И в том, и в другом случае книга помогает жить. Но – по-разному. Писатель либо берет на себя роль терапевта-утешителя, навевающего человеку «сон золотой», либо строгого учителя, ментора, открывающего ему глаза, говорящего горькие истины.
Наша культура – так уж исторически сложилось – всегда предпочитала второй, зеркальный путь. «Традиционное место церкви как хранителя истины заняла в русской культуре второй половины XVIII в. литература, – замечает Ю. М. Лотман. – Именно ей была приписана роль создателя и хранителя истины, обличителя власти, роль общественной совести. При этом, как и в Средние века, такая функция связывалась с особым типом поведения писателя. Он мыслился как борец и праведник, призванный искупить авторитет готовностью к жертве. Правдивость своего слова он должен был гарантировать мученической биографией»[9].
В литературе XIX в. от Пушкина («Пророк») до Толстого и Достоевского эта традиция была определяющей. «Она <русская литература> стоит на крови и пророчестве», – подводил итог В. Ходасевич[10].
Чехов смотрит на такую роль писателя со смешанным чувством зависти и восхищения. «Вот умрет Толстой, все пойдет к черту! – повторял он не раз. – Литература? – И литература»[11] (воспоминания И. Бунина).
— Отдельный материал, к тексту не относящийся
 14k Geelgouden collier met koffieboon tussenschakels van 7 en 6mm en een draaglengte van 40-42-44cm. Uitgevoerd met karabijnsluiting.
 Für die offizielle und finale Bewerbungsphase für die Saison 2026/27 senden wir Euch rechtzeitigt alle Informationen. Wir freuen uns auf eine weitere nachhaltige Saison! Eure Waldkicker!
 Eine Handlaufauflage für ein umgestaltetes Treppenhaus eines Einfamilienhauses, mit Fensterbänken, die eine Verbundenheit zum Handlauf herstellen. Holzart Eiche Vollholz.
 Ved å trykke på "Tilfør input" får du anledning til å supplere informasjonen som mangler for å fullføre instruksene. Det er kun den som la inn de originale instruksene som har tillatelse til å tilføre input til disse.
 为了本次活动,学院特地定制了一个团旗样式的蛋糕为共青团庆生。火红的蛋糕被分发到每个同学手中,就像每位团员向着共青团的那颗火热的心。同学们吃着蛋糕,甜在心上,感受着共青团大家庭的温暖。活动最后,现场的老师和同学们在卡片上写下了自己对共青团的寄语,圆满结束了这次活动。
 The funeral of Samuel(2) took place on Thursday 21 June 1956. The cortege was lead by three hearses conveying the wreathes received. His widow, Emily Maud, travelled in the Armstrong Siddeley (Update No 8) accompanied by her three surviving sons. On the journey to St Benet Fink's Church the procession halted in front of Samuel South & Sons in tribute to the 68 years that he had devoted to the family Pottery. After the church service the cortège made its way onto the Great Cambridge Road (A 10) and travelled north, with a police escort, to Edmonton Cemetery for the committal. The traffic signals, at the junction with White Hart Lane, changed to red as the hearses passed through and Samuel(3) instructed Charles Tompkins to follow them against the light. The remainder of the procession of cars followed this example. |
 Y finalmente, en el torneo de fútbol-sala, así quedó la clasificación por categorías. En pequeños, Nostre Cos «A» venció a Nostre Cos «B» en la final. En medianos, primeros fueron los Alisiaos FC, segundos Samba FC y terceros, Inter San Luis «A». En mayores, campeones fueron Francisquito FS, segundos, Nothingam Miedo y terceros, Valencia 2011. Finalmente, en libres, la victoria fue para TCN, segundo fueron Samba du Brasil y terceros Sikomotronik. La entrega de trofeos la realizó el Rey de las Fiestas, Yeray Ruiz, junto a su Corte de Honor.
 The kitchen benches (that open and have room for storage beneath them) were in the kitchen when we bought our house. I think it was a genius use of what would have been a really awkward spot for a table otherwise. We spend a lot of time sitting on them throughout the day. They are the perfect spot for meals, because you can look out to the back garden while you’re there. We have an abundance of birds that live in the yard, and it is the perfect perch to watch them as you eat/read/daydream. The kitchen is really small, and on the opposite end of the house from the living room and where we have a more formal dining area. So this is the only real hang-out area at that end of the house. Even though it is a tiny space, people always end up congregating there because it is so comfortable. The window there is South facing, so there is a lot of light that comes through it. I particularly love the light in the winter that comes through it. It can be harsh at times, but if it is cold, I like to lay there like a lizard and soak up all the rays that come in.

Но в себе и писателях своего поколения Чехов не чувствовал толстовской силы и решительности учить мир, обращать его в свою веру. «Вспомните, что писатели, которых мы называем вечными или просто хорошими и которые пьянят нас, имеют один общий и весьма важный признак: они куда-то идут и вас зовут туда же, и вы чувствуете не умом, а всем своим существом, что у них есть какая-то цель, как у тени отца Гамлета, которая недаром приходила и тревожила воображение. У одних, смотря по калибру, цели ближайшие – крепостное право, освобождение родины, политика, красота или просто водка, как у Дениса Давыдова, у других цели отдаленные – Бог, загробная жизнь, счастье человечества и т. п. А мы? Мы! Мы пишем жизнь такою, какая она есть, а дальше ни тпрру ни ну… Дальше хоть плетями нас стегайте» (А. С. Суворину, 25 ноября 1892 г.; П 5, 133).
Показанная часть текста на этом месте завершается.